**Problem:**
Write out each line of the material exactly as given, and drop the images.

**Source material:**
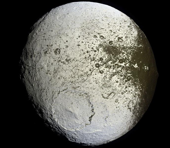 A huge impact crater seen in the south spans a tremendous 450 kilometers
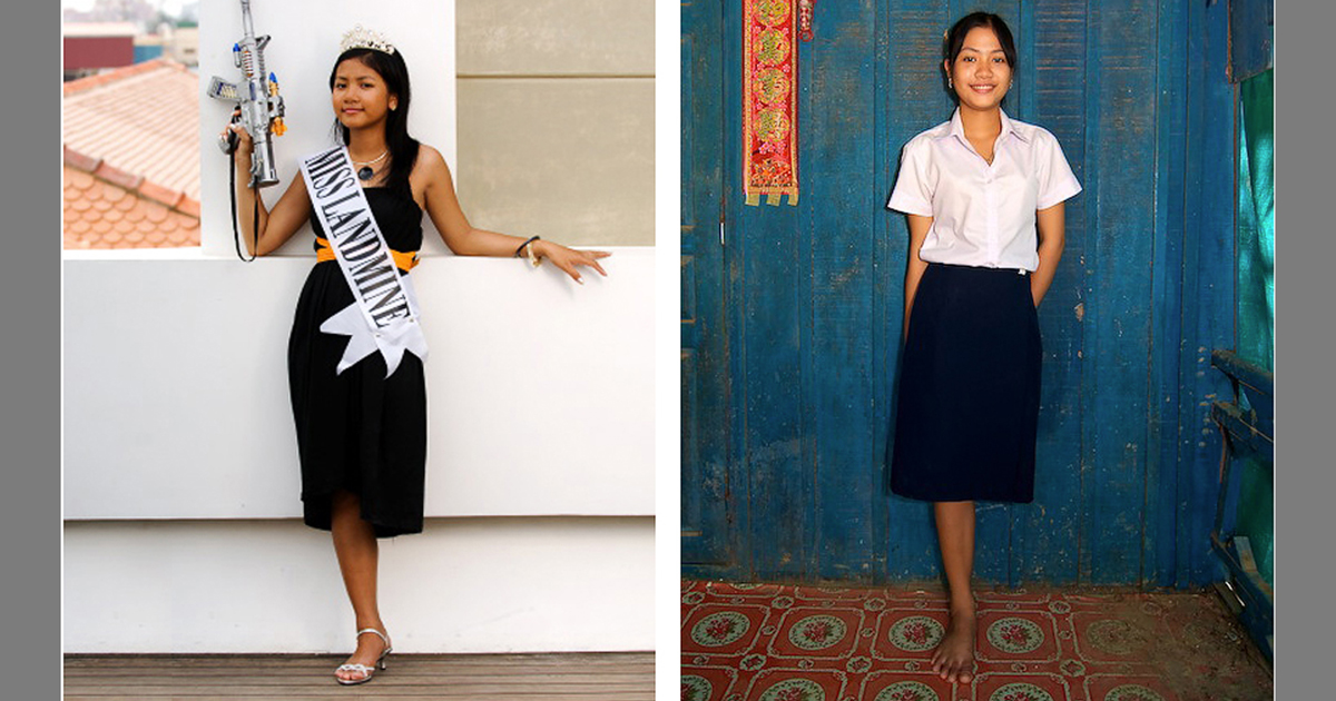 Этот конкурс красоты не похож на "Мисс Мира" или "Мисс Европы," в камбоджийском конкурсе Miss Landmine участвуют только девушки и женщины, случайно ставшие жертвами взорвавшихся мин. Впрочем, участницы конкурса утверждают, что называть их жертвами неправильно, следует говорить "выжившие" - потому что несмотря на увечья, они все еще живут и наслаждаются жизнью.
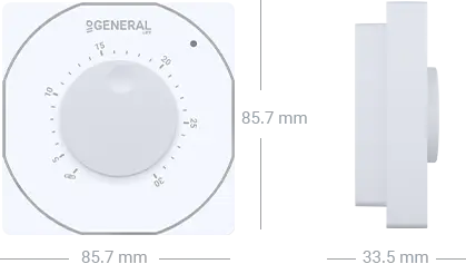 Проводной комнатный термостат связывается с отопительным блоком через кабель. Обычно его монтируют на стену. Мы рекомендуем размещать его в центральном месте, где нет большой циркуляции воздуха.
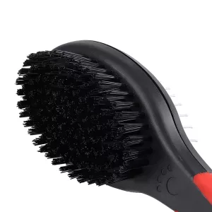 Por un lado, las cerdas densas eliminan eficientemente el pelo suelto y desenredan los nudos. El otro lado proporciona un cepillo de cerdas suaves, perfecto para terminar y alisar el pelaje.

**Finished task:**
 A huge impact crater seen in the south spans a tremendous 450 kilometers
 Этот конкурс красоты не похож на "Мисс Мира" или "Мисс Европы," в камбоджийском конкурсе Miss Landmine участвуют только девушки и женщины, случайно ставшие жертвами взорвавшихся мин. Впрочем, участницы конкурса утверждают, что называть их жертвами неправильно, следует говорить "выжившие" - потому что несмотря на увечья, они все еще живут и наслаждаются жизнью.
 Проводной комнатный термостат связывается с отопительным блоком через кабель. Обычно его монтируют на стену. Мы рекомендуем размещать его в центральном месте, где нет большой циркуляции воздуха.
 Por un lado, las cerdas densas eliminan eficientemente el pelo suelto y desenredan los nudos. El otro lado proporciona un cepillo de cerdas suaves, perfecto para terminar y alisar el pelaje.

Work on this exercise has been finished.